Pictures aside, reproduce exactly and only the lines below, starting at the one containing "Предчистовая отделка в" and ending at the last line.
#### Dataset excerpt
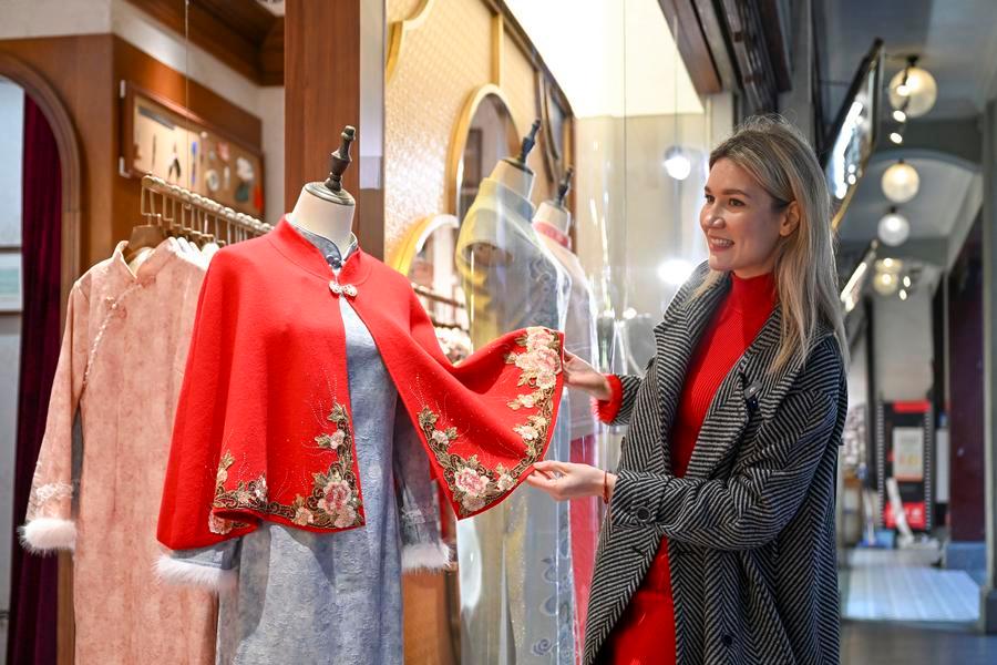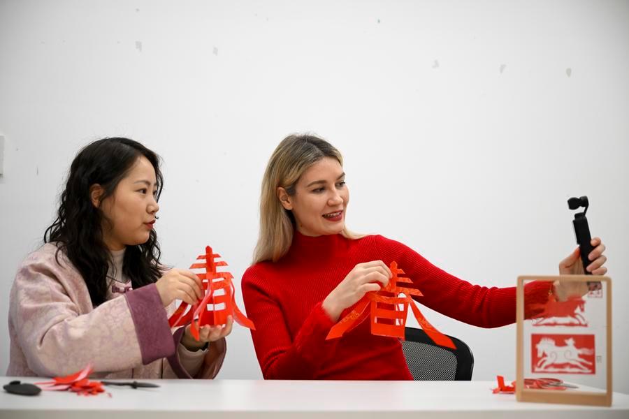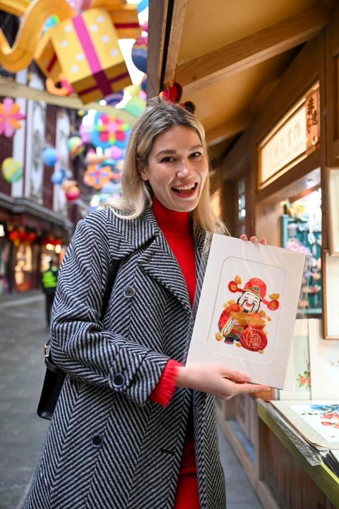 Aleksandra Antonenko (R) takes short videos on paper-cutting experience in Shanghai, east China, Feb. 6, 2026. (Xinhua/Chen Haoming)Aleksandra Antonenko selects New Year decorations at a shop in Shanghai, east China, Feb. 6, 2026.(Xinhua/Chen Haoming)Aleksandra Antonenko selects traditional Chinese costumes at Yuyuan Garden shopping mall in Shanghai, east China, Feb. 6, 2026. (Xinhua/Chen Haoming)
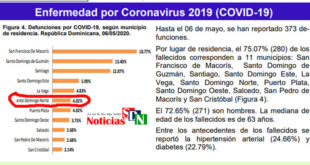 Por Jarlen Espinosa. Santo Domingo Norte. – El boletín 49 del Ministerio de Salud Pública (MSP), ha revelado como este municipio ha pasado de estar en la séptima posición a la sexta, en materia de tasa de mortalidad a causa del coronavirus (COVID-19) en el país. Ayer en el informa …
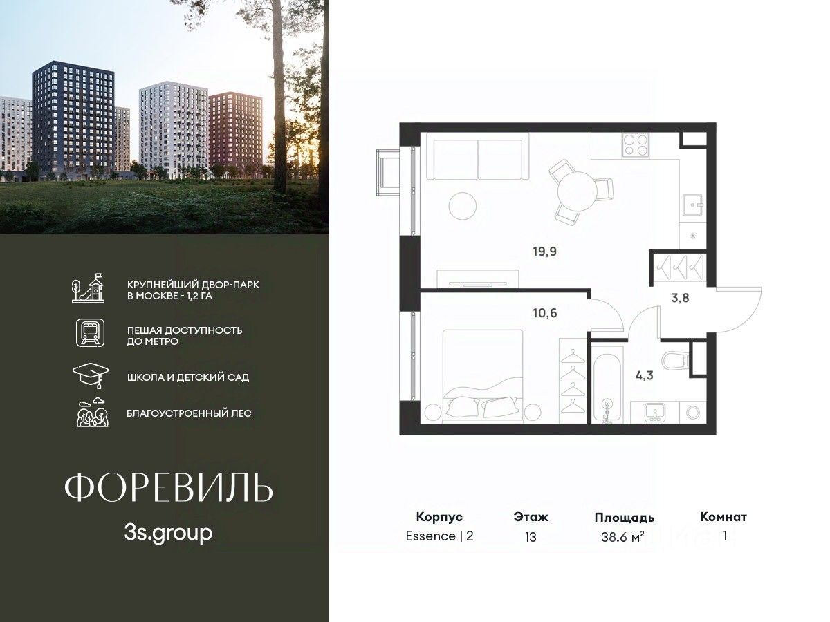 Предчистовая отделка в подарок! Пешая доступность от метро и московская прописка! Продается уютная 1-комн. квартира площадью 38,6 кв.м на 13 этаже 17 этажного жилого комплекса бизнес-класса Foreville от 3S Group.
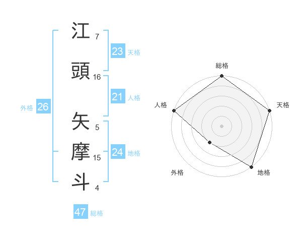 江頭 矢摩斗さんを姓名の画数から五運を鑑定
########
Answer space:
 Предчистовая отделка в подарок! Пешая доступность от метро и московская прописка! Продается уютная 1-комн. квартира площадью 38,6 кв.м на 13 этаже 17 этажного жилого комплекса бизнес-класса Foreville от 3S Group.
 江頭 矢摩斗さんを姓名の画数から五運を鑑定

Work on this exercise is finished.